Во «Лжи романтизма…» Жирар выстраивает историю преемственности европейского романа, в которой последний становится параллелен искусству вообще и литературе в частности. Именно роман, по мнению Жирара, способен вскрыть механизмы влечения, иллюзорная природа которых управляет человеком в Новое время. Мы публикуем главу, прямо посвященную обнаружению и функционированию миметического треугольника «субъект-объект-медиатор» в романах Сервантеса, Стендаля, Флобера, Достоевского и Пруста.

Риера Рохас. Иллюстрация к французскому изданию «Дон Кихота». 1968

Риера Рохас. Иллюстрация к французскому изданию «Дон Кихота». 1968

Желание от Другого — это всегда желание быть этим Другим. Хотя изначально есть лишь одно метафизическое желание, уточняющие его частные желания могут варьироваться до бесконечности. В том, что мы непосредственно наблюдаем в желании героев романа, нет ничего неизменного. Это касается даже его интенсивности, зависящей от степени того «метафизического достоинства», которым обладает объект, — а само это достоинство зависит от дистанции, разделяющей его с медиатором.

Объект соотносится с медиатором так же, как и реликвия со святым. Ценность принадлежавших ему четок или одежды — гораздо большая, нежели у медали, которую он держал в руках или благословил. Ценность реликвии измеряется «дистанцией», отделяющей ее от святого.
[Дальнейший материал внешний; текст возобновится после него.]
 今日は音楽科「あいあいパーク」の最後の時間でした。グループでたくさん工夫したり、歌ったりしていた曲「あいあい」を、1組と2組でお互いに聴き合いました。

Это же верно и в отношении объекта метафизического желания.

Поэтому нам следует рассмотреть вторую сторону романического треугольника — ту, что соединяет медиатора с желаемым, тогда как до сих пор мы ограничивались только первой, связывающей его с желающим субъектом. К счастью, изменяются эти две стороны приблизительно схожим образом. Треугольник желания является равнобедренным, так что по мере сближения медиатора с желающим субъектом желание неизменно усиливается.

Медиатор Дон Кихота удален от него в наибольшей степени — и именно поэтому его частные желания наименее мучительны. Этот мудрец не упрямится. В случае неудачи он философически заключает, что за него подвиг закончит какой-нибудь другой рыцарь, — и отправляется на поиски счастья в другом месте.
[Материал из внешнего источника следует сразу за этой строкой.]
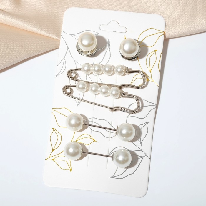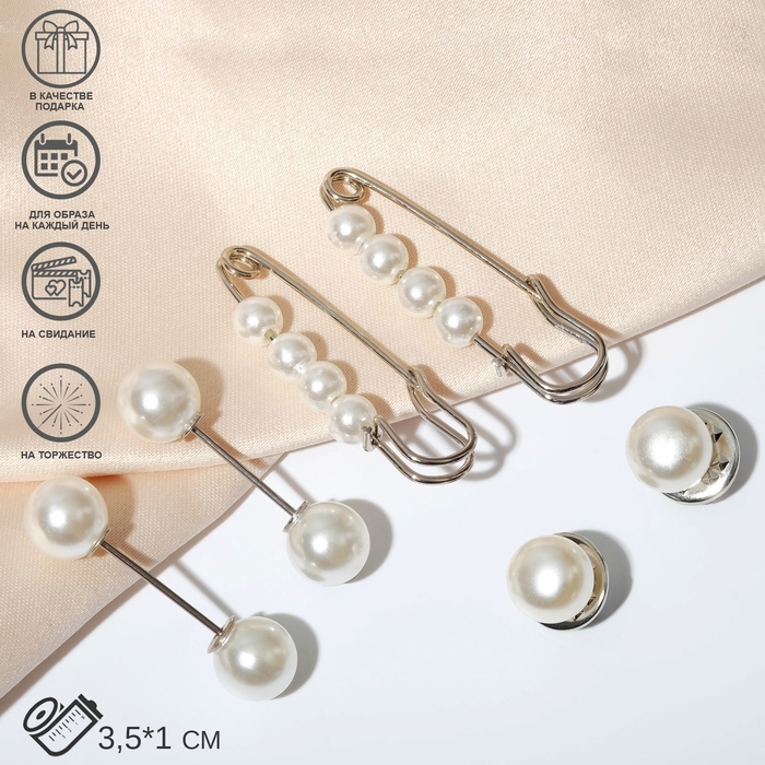 Набор булавок (6 шт.) «Жемчужная нежность», 3,5 см, цвет белый в серебре

Деятельность Дон Кихота все еще очень напоминает игру. Даже детская игра уже имеет треугольную структуру — в ней дети подражают взрослым. Однако дистанция между объектом и медиатором — то есть игрушкой и придающим ей смысл взрослым — такова, что игрушка никогда не теряет из виду иллюзорного характера такой сообщенной ей ценности. Дон Кихот делает шаг вперед, но не отходит от игры далеко. Поэтому из всех героев романа он — наиболее безмятежный.
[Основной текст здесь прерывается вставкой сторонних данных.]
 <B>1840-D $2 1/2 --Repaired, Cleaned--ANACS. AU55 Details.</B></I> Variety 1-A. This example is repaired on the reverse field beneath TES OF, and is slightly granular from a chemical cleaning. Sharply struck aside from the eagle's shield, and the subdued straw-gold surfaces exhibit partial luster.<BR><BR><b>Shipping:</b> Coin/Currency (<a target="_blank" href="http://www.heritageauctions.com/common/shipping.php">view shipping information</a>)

Минору Икеда. «Дон Кихот». 1966

Минору Икеда. «Дон Кихот». 1966

Когда медиатор находится далеко, его свет изливается на довольно обширную область. Не указывая на что-либо конкретное, Амадис указывает едва ли не на все разом. Приключения следуют одно за другим все быстрее — но ни одно из них, взятое само по себе, не сделает Дон Кихота вторым Амадисом. Именно поэтому герой не считает нужным ополчаться против несчастливой фортуны.

По мере своего приближения медиатор начинает указывать на что-то более частное; примысленное объекту «метафизическое достоинство» становится «закрепленным». Желания Эммы Бовари яростней, чем у Дон Кихота, а желания Жюльена — яростнее, чем у нее. Источник света становится ближе, так что свет фокусируется на все меньшей области.

Приключения Эммы уже «серьезней», чем у Дон Кихота, — но того, что она вправду хочет, что могло бы сделать из нее женщину, какой она хочет быть, в провинции не сыщешь. Родольф и Леон — метафизические «варианты на крайний случай» и в качестве таковых более или менее взаимозаменяемы. Свет, отбрасываемый на них медиатором, очень слаб.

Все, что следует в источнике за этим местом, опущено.